1. There whole dataset is being used which basically turns it into a batch gradient descent (GD) algorithm. This is because SGD's characteristic of making updates based on a small subset of the data is negated, and instead, it uses the full dataset to compute the gradient and make updates, just like standard GD. Training Time (in minutes) = 1.4485693415006002
2. The accuracy is not very high. The accuracy is only somewhere around 12.45% which is not great.
3. Decreasing the size of dataset and decreasing the learning rate (using SGD) and increasing the number epochs can also be very beneficial.


## Part 2. 
1. The accuracy is extremely high it was a faster method (Training Time (in minutes) = 1.8652761658032735). Accuracy was 92.29%.
2. Data Augmentation: Increase the dataset's variety by applying transformations such as rotation, scaling, or translation to the images, helping the model generalize better.

## Part 3.
1. accuracy was 73.39% it was faster than both GD and SGD.
2. ADAM is an adaptive learning rate optimizer that often converges faster than SGD due to its consideration of the first and second moments of the gradients.
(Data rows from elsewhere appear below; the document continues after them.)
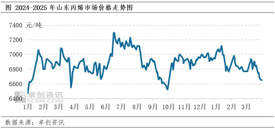 3月份国内丙烯阛阓价钱重点下探,供需复古转弱为影响丙烯价钱走势的主要影响身分。终局3月31日,山东丙烯阛阓主流成交6650元/吨,较月初价钱下降1.77%,较3月高点下降4.18%。该价钱涉及2024年9月底同期水平,为近半年以来的价钱最低点。
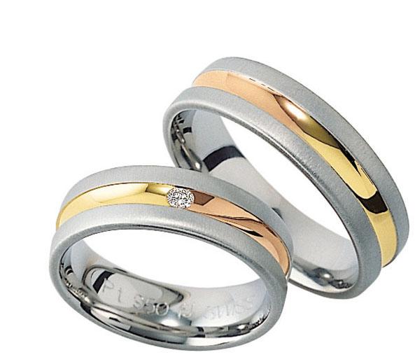 Schmeichelnde Trauringe im bengalisches Feuer in 750 Weissgold-Rotgold-Gelbgold satiniert und poliert. 1 edler Brillant 0,035 ct. TW/VS. Breite 6,00 mm. Aus der 150 Jahre alten Manufaktur Furrer Jacot aus der Schweiz. Am Standort Schaffhausen werden reizende Verlobungsringe und gemusterte Trauringe individuell gefertigt. Wählen Sie eine Gravur von den außergewöhnlichen Schriftarten aus.
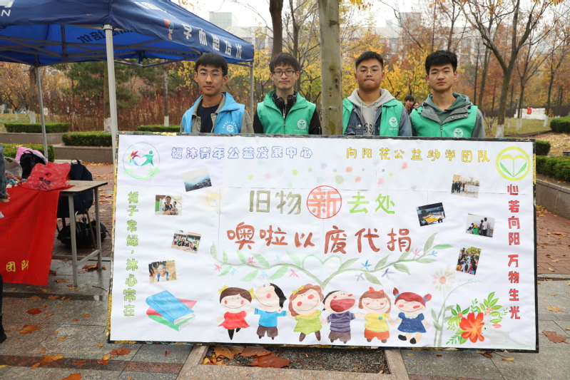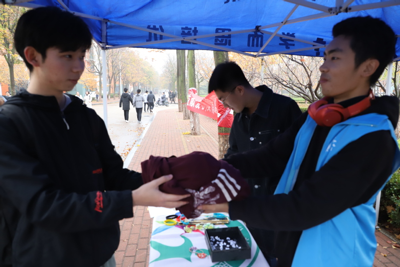 助力公益项目,提倡环保节约,yl88858永利中国栀沐青年公益发展中心联合向阳花公益助学团队于11月23日开展“噢啦”以废代捐回收衣物活动,全校学生积极参与。
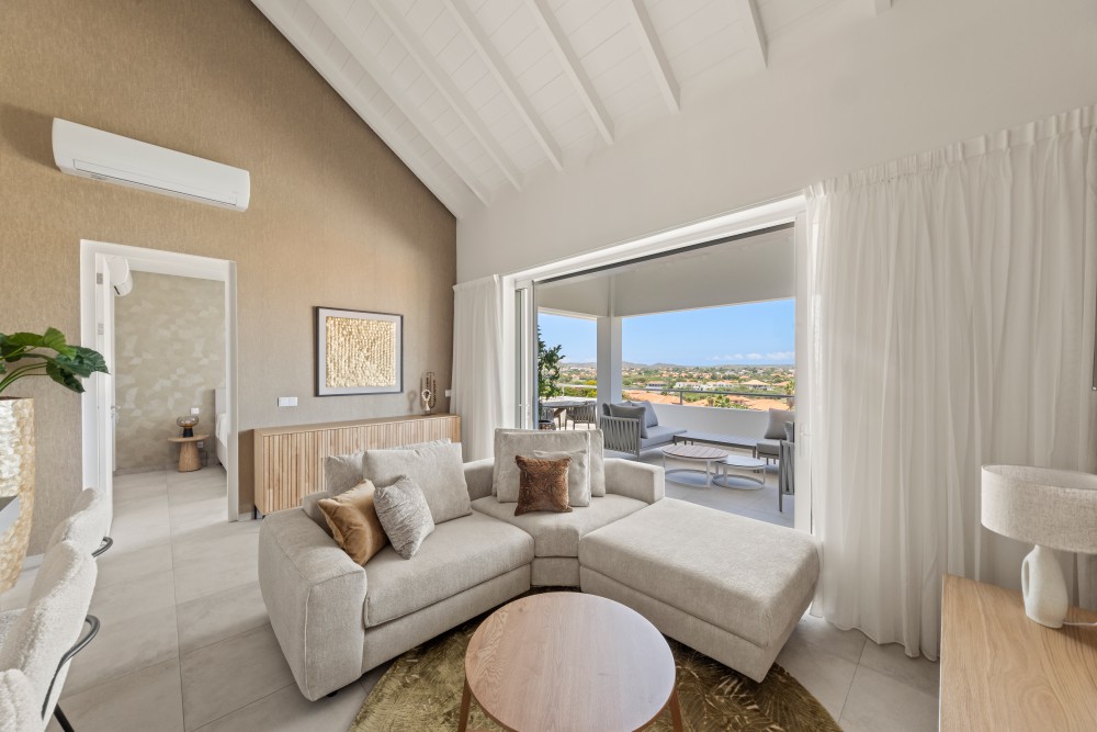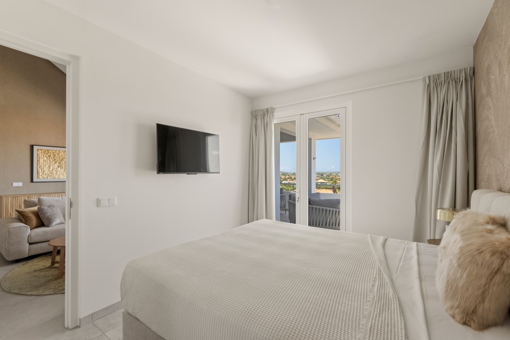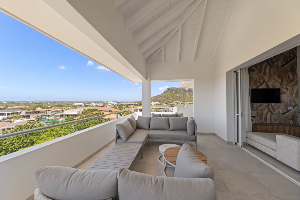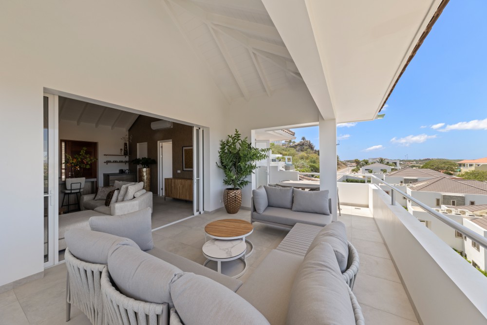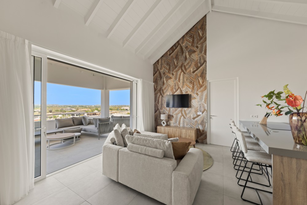 This beautiful newly built apartment is centrally located within the Blue Bay Golf & Beach Resort, just a 5-minute walk from Blue Bay Beach and the golf course. The project is new build and consists of 10 apartments and penthouses. It is characterized by its spacious layout, lushly planted tropical gardens, and a spectacular swimming pool.The entire project will be delivered turnkey, including professional landscaping and the completed swimming pool, allowing you to immediately enjoy a luxurious and carefree living stay.The penthouse apartment features two spacious bedrooms with French doors opening onto the large terrace. Each bedroom has an en-suite bathroom with modern European sanitary fittings, air conditioning, and built-in closets.The living room is spacious and bright, and there is a modern open kitchen with a cooking island. By opening the sliding doors, the large covered terrace and the living room seamlessly merge into one spacious living area. From the terrace, you can enjoy stunning views, a refreshing breeze, and maximum privacy due to the smart positioning of the buildings.Each apartment includes one designated parking space.The apartment is sold fully furnished, including a luxurious inventory, making it immediately move-in ready for private use or rental.In addition to being a wonderful place to live or to use as a holiday home in Curaçao, these apartments are also an excellent investment opportunity. Short-term / vacation rentals are allowed, and the growing demand for tourist accommodations, combined with increasing nightly rates and occupancy levels, ensures an attractive return on investment through vacation rentals.The design is by renowned architect Henk Bolivar of the firm Bo! Arkitektura. Great attention is paid to luxury and finishing, using high-quality materials throughout.Don’t wait too long, contact Nick today for more information!House no.: hs2540The images used are for illustrative purposes only and no rights can be derived from them.

You might observe a more rapid decrease in the loss function and potentially higher accuracy from the start. ADAM converges faster than SGD because it adapts the learning rate for each weight in the network individually, based on estimates of the first and second moments of the gradients. This allows it to take larger steps for weights associated with features that have consistent gradients and smaller steps where the gradients are more variable.